*ASSIGNMENT*:
Pictures in the listing should not be copied. Reproduce, word for word, each line from the one holding "Tato, v pořadí" through the final line.

*SOURCE DATA*:
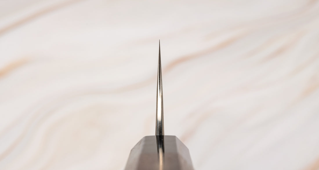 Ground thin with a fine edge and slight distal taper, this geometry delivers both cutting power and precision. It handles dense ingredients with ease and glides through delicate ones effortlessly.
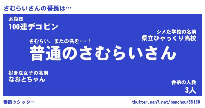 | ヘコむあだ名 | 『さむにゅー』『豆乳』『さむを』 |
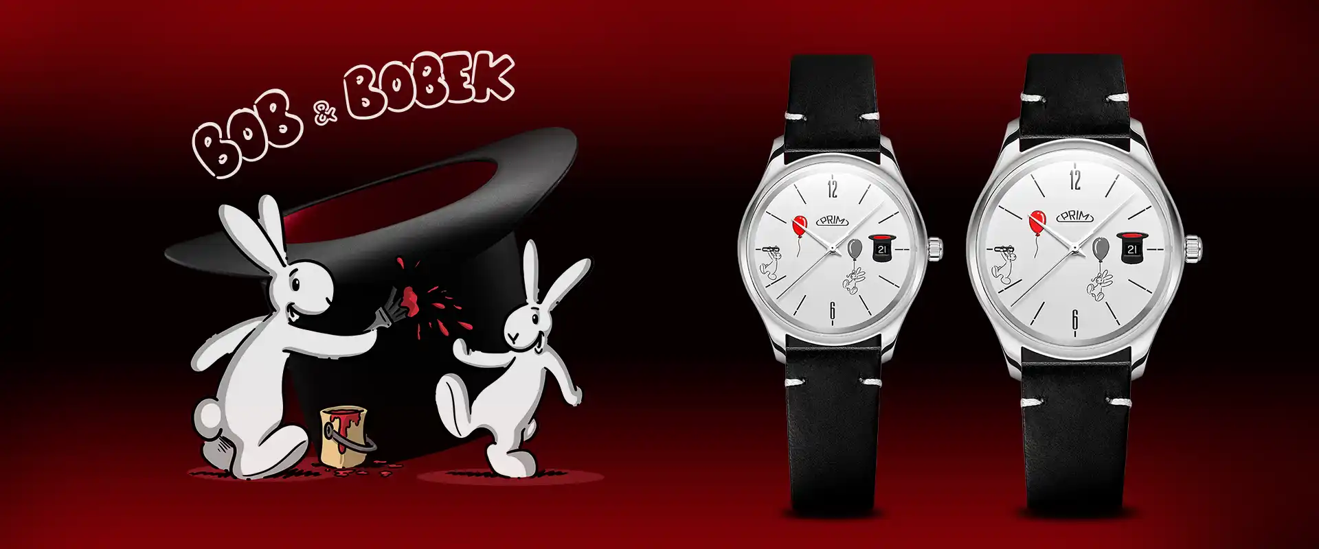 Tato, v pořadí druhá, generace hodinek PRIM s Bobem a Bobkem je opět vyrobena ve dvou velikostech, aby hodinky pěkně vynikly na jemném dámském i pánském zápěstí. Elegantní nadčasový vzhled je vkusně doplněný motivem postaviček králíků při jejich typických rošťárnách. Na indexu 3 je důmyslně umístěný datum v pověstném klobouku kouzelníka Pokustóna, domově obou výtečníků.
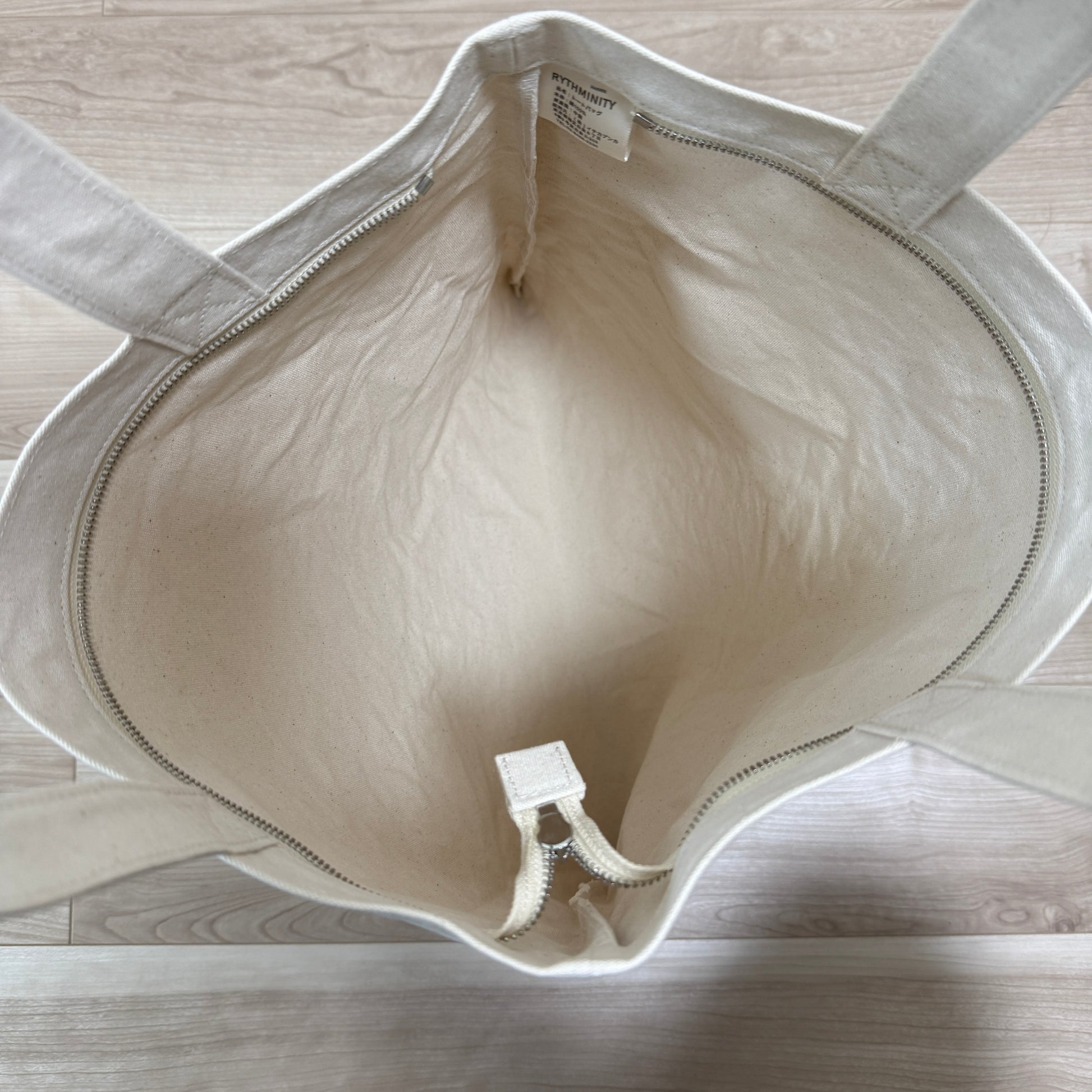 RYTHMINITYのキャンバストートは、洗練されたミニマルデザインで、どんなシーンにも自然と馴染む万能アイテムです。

*RESPONSE*:
 Tato, v pořadí druhá, generace hodinek PRIM s Bobem a Bobkem je opět vyrobena ve dvou velikostech, aby hodinky pěkně vynikly na jemném dámském i pánském zápěstí. Elegantní nadčasový vzhled je vkusně doplněný motivem postaviček králíků při jejich typických rošťárnách. Na indexu 3 je důmyslně umístěný datum v pověstném klobouku kouzelníka Pokustóna, domově obou výtečníků.
 RYTHMINITYのキャンバストートは、洗練されたミニマルデザインで、どんなシーンにも自然と馴染む万能アイテムです。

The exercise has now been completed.